Output format

From version 4.1.0.0, the results of a simulation are not stored in the database but in a binary file. This greatly reduces memory requirements and improves the performance.

The results are written as a stream of data. Once written, they are not modified.

The storage format is based on this principle.

Each record is in the form of a mark identifying the type (and, possibly, the format version) of the result, followed by the result itself.

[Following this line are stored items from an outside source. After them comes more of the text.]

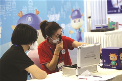 日前,吉林省第一届职业技能大赛在长春落下帷幕,我市组织人员参加了10个项目的比赛,并获得眼镜验光员、眼镜定配工及医疗临床辅助服务3个项目的优胜奖。图为我市选手王赫在参加眼镜验光员项目比赛。本报记者 张殿文摄
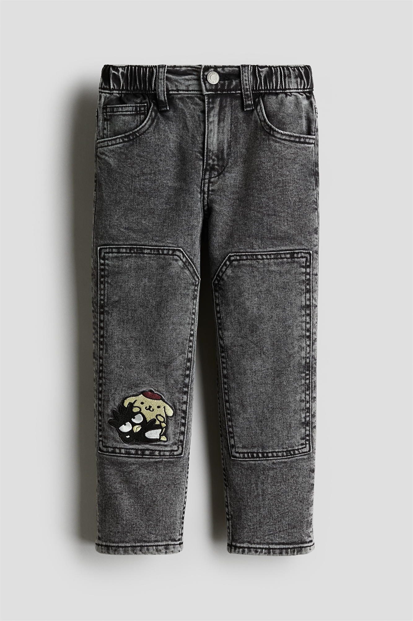 H&M x Hello Kitty and Friends. Веселая и яркая коллекция с уютными фасонами, милыми принтами и игривыми аксессуарами. Откройте для себя мир Hello Kitty и всех наших пушистых любимцев! Джинсы с 5 карманами из моющегося хлопкового денима с заплатками на коленях и вышитой аппликацией на одной штанине. Свободный крой по бедрам, ляжкам и штанинам. Регулируемый эластичный пояс и ширинка на молнии с пуговицей.
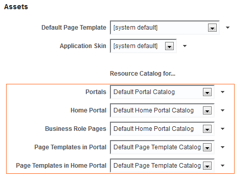 System administrators can specify thedefault resource catalog to be used for pages, page templates, page styles, and task flow assets in:
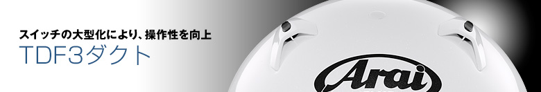 走行時に発生する風を、ダクトからヘルメット内に取り入れ、頭部を強力にクールダウンさせる『TDF3ダクト』。エアー流入量を拡大させた上でのスリム設計により、空気抵抗を抑え、静粛性も高まりました。
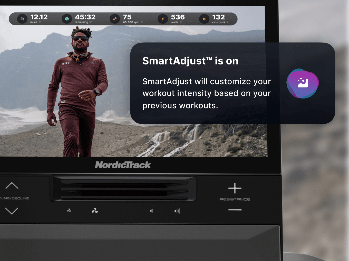 SmartAdjust™ intelligently adjusts incline and resistance to your fitness level based on adjustments you make in your workouts.²
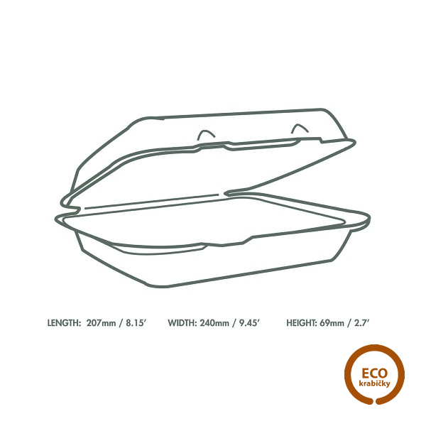 Ekologický jednodielny menu box s objemom 1300 ml je ideálny obal pre jednoporcie s viacerými zložkami: hlavné jedlo + príloha + omáčka.
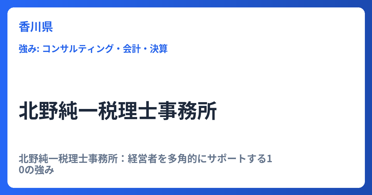 北野純一税理士事務所:経営者を多角的にサポートする10の強み 北野純一税理士事務所は、単なる税務申告の代行に留まらず、企業の成長と安定を強力に後押しする多岐にわたるサービスを提供しています。特に、経営者が直面する様々な課題に対し、専門的な知... -
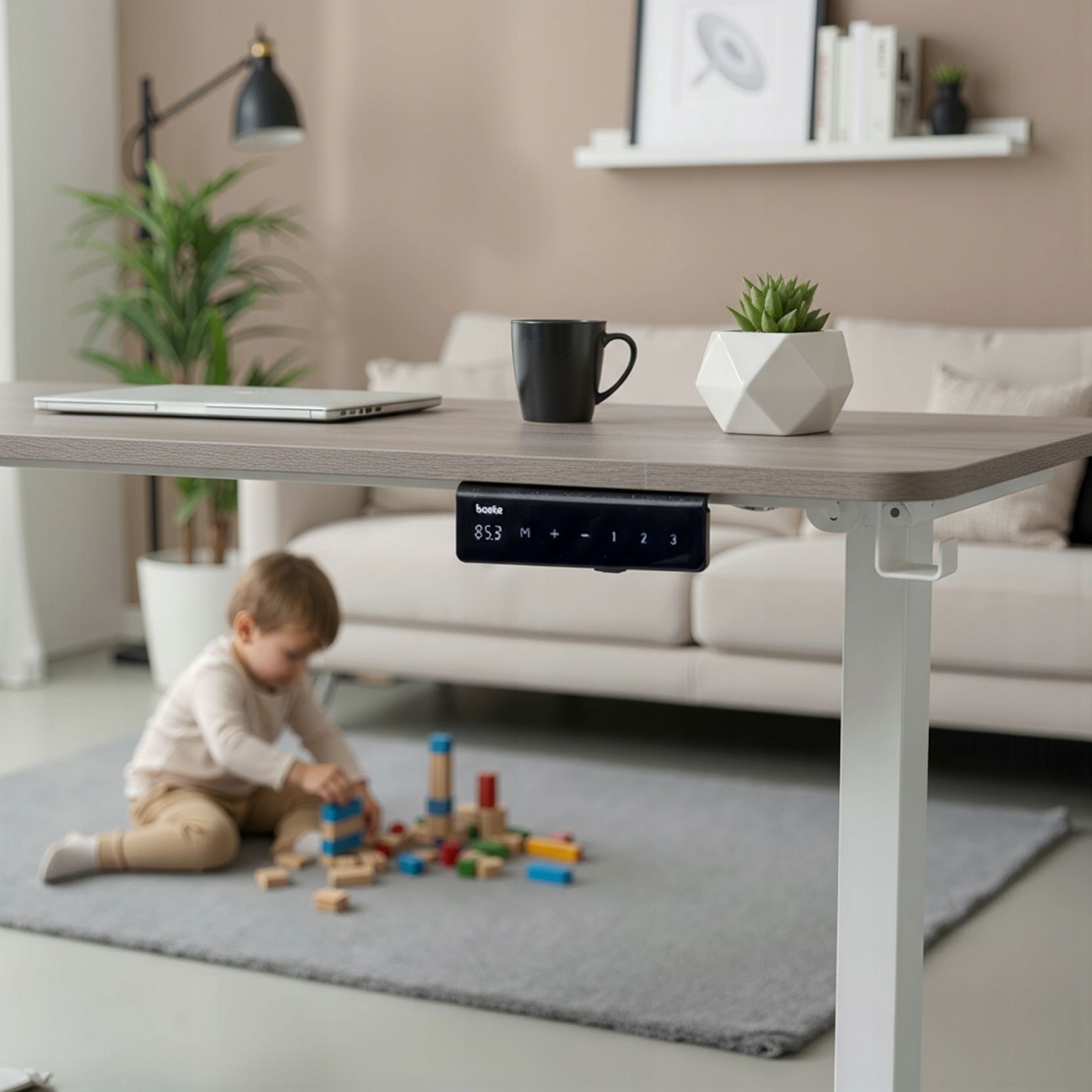 Электрическая регулировка высоты, основанная на эффективном единственном двигателе, позволяет плавно переключаться между работой сидя и стоя. Механизм работает исключительно тихо - до 50 дБ, благодаря чему стол не отвлекает во время работы.
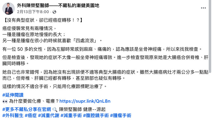 根據《健康2.0》、《中時新聞網》報導,敏盛綜合醫院微創手術中心執行長、一般外科醫師陳榮堅在臉書發文寫道,這名患者的大腸癌原發腫瘤僅約2公分大小,但癌細胞卻已經擴散至脊椎、肝臟及肺部。由於屬於多處轉移的狀況,已經不適合採用手術治療,只能透過化療與標靶治療來控制病情進展。
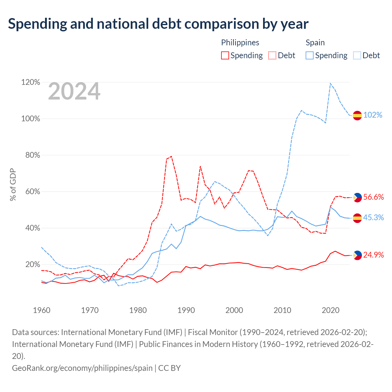 The Philippines has $261B in government debt (56.6% of GDP), compared to $1.75T (101.6% of GDP) in Spain.
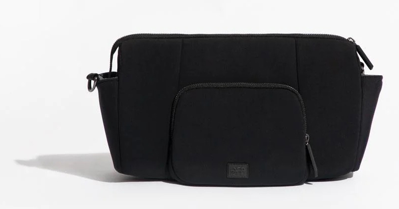 Our lightweight neoprene stroller caddy is machine washable (without the bag losing its shape) and water-resistant interior. Inspired by athleisure and everything in between, this bag is essential for mom. Easy to use with a variety of strollers! Engineered for the Mom in Motion. Stroller clips included! Features Water-resistant interior and exterior; Modern silicone logo and zipper pulls; Includes 2 nylon stroller clips ; Wide opening with full zippered top closure ; 4 compartments; 2 drink slots ; Large center compartment ; Easy access front zipper pocket that fits up to 6.7" display phone; Materials Easy to clean, lightweight neoprene material; Machine washable; We recommend a delicate cycle with cold water and mild detergent, followed by reshaping the bag and laying flat to dry. It's best to put your product in a pillow case to protect the hardware while washing it!; Metal hardware and zippers; Dimensions 7.5" H x 13.0" W x 5.25" D; Two 10.25" long stroller clips; 0.83 lbs;.
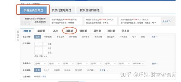 第3⃣️步,按照【基金类型】筛选,选择【指数型】
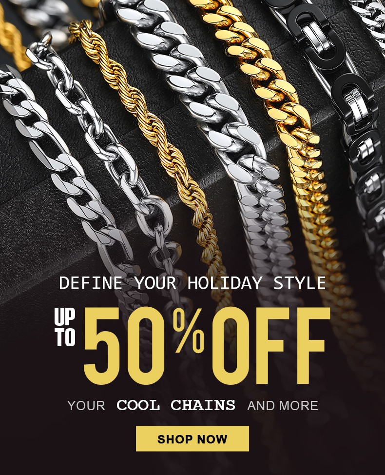 We offer a variety of styles, from classic Cuban, Figaro and Rope chains to more trendy designs. Our pieces are durable, hypoallergenic and affordable, perfect for daily wear or as gifts.
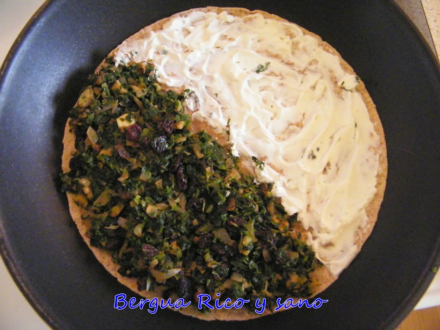 6. En la otra mitad untamos de forma generosa el queso de cabra. Si no usamos queso de untar, sobre las espinacas repartimos el queso en trozos del mismo grosor.
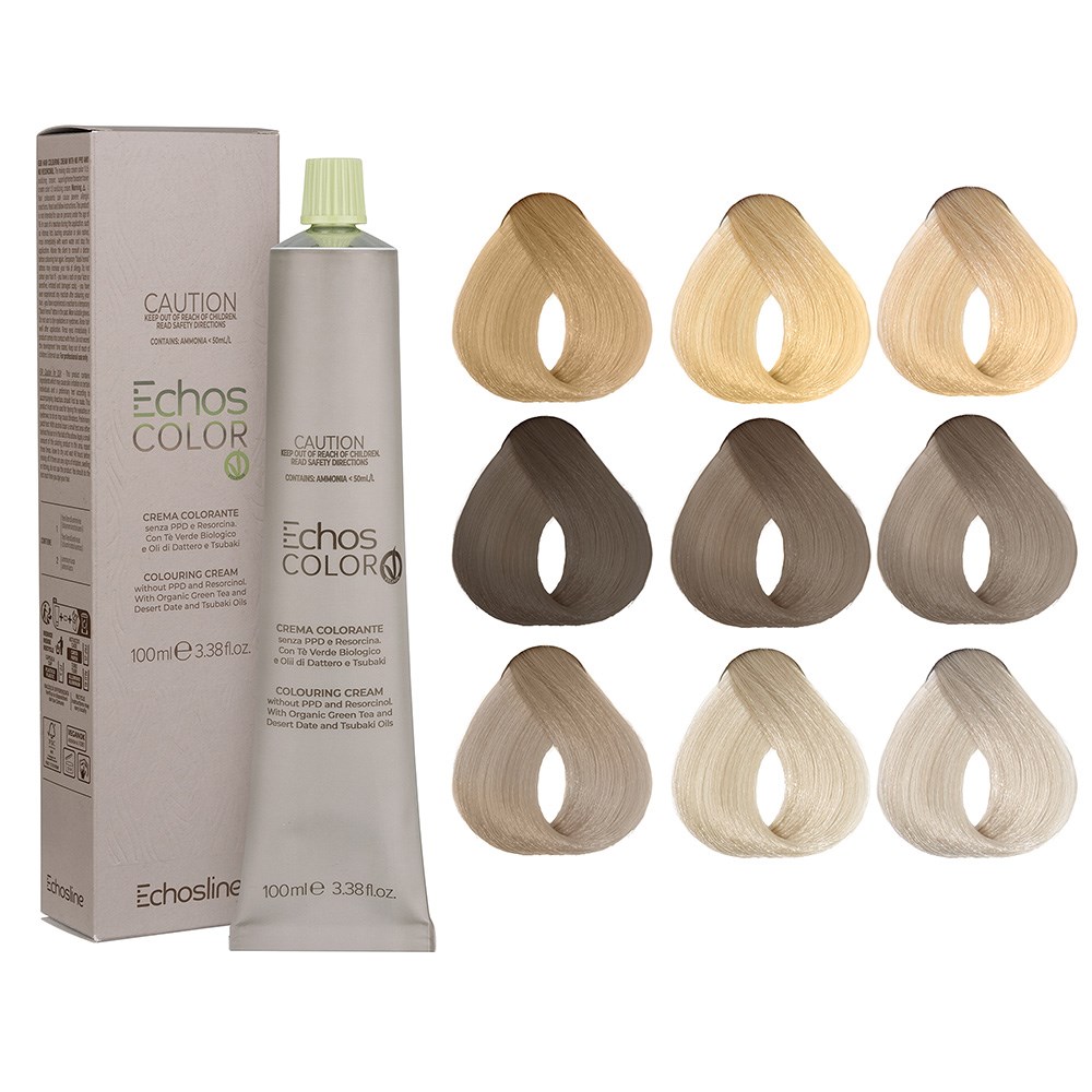 Incredible depth and longevity with reduced impact. Echos Color Vegan Hair Colour 10.12 Platinum Blonde Cold Irise respects professionals, consumers and the environment. This 100% vegan colouring cream is formulated without paraphenylenediamine (PPD) and resorcinol. Rich, long-lasting permanent hair colour boosted by green tea extract for longevity, desert date oil for revitalisation and Tsubaki oil for shine. Made in Italy, this is elite hair colour turned vegan.

The records are written one after the other. A specific routine must be written to read and to write each type of result.

Mark format

The mark is a long holding 8 characters. The characters must be encoded using BitUtil.toMark and decoded using BitUtil.fromMark.

Array record

Structure:

  • (long) mark: ‘resmat01’
  • (int) step: the timestep number
  • (UTF8) name: name of the result
  • (int) dimSize: the number of dimensions in the array
  • (UTF8)+ dimNames: the names of each dimension
  • (int)+ dims: the size of each dimension
  • (UTF8)+ sems: the semantics of each dimension
  • (int) dataSize: the number of cells in the array
  • (double)+ data: the values in the array

Performance

The simulations using this format are six times faster and, more importantly, use much less memory enabling larger simulations to be carried out in an acceptable timeframe as the Java Virtual Machine uses much less processor time.

Extension

With this structure, new types of result can be added easily. A generic reader switches to the appropriate reader function depending on the mark at the start of the record.

Each object will have its own code for the writing the data required to be stored, putting its own mark before recording the data.

Problem

This mechanism uses memory-mapped files and Windows is still unable to address a memory-mapped file correctly. Furthermore, with the use of sparse arrays and massive datasets, the arrays are now stored in text files in storage optimized for arrays.